Шрифт:
Григорий Савельевич спросил:
– Что с вами, Мешади? Чем вы так расстроены?
Азизбеков промолчал, пожал плечами.
"Как знать, может быть он хочет скрыть от меня причину своего горя?" подумал Смирнов и, воздержавшись от дальнейших расспросов, взял со стола книгу и стал ее перелистывать,
В комнату вошла мать Азизбекова и внесла на подносе два стакана крепкого чая и тарелку с печеньем. Тетушка Селимназ, как всегда приветливая и добрая, едва впустив гостя, уже поторопилась подать угощение.
Азизбеков отвернулся, сделав вид, что смотрит в окно. Смирнов понял, что Мешади прячет от матери расстроенное лицо. Значит, горе не семейное. Иначе тетушка Селимназ знала бы о нем. И как только старуха с пустым подносом вышла и тихо притворила за собой дверь, Смирнов повторил вопрос:
– Мешади, уж не случилось ли что-нибудь плохое с товарищами в тюрьме?
Азизбеков повернулся к Смирнову.
– Нет, Григорий Савельевич, в тюрьме ничего не случилось. Там никаких перемен... Но враги не бездействуют... Они мстят нам, где и как только могут...
– Но что же произошла?
– Брови у Смирнова сдвинулись на переносице. Он сказал, сдерживаясь, хотя едва уловимые нотки обиды слышались в его голосе: - Если я не должен знать об этом, разумеется, не говорите. Я зашел только сказать, что товарищи ждут приказа.
Азизбеков теперь уже владел собой.
– Григорий Савельевич, придется на время отложить налет...
– А это почему же?
Снова воцарилась тишина. Азизбеков машинально чертил чайной ложечкой узор на столе.
– Вчера ночью... на Биби-Эйбате... стреляли в нашего друга... Ханлара... Раны смертельные.
– Стреляли в Ханлара?
– переспросил Смирнов и поднес руку к вороту рубахи, как будто ворот душил его.
– Кто стрелял?
– Кто? Враги...
Григорий Савельевич стиснул зубы. Лицо его гневно нахмурилось.
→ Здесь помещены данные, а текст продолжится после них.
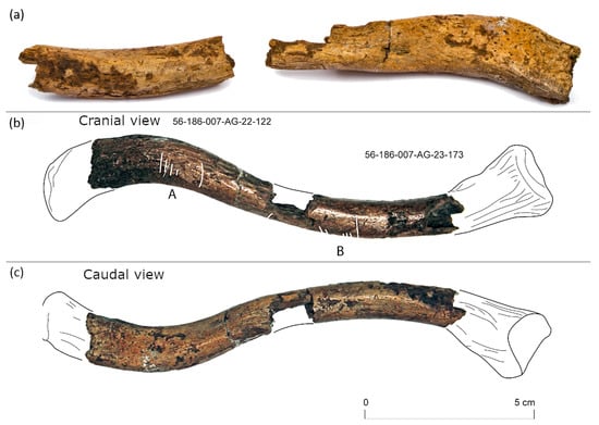 Photos of the pieces (a), cranial with highlighted cut marks belonging to A/B groups (b) and caudal (c) view of the clavicle fragments.

– Вот видите? Когда я говорил "вооружайте рабочих", некоторые товарищи иронически называли меня террористом. Что же получается теперь?
– Наемные убийцы стреляют из-за угла. Выводят из строя наших лучших товарищей. В прошлом году убили Петра Монтина, теперь посягнули на жизнь Ханлара... Ах! Смирнов ударил себя кулаком по колену.
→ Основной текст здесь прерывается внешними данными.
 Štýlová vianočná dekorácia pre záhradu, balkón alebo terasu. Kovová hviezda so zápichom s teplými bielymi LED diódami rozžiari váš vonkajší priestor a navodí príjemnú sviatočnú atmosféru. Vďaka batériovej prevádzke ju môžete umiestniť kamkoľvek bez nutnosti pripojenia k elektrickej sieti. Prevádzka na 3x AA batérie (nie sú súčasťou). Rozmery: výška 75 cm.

– Такой парень, такой парень! Душа-человек! Умница! Жизнь в нем ключом била.
– За какое бы дело он ни брался, все делал умно, горячо, со страстностью, - сказал Азизбеков.
– Двадцать два года! Всего двадцать два года... Смирнов вскочил и начал ходить по комнате. Он был вне себе от горя. Лицо его отражало скорбь и гнев.
Если бы позволяли обстоятельства, он побежал бы от Азизбекова прямо в больницу, к постели своего верного друга Он исполнял бы все его желания и без сна и отдыха дежурил в его палате. Но что мог он поделать, если, по словам Азизбекова, больница, в которой лежит Хан-лар находится под усиленным наблюдением полиции?..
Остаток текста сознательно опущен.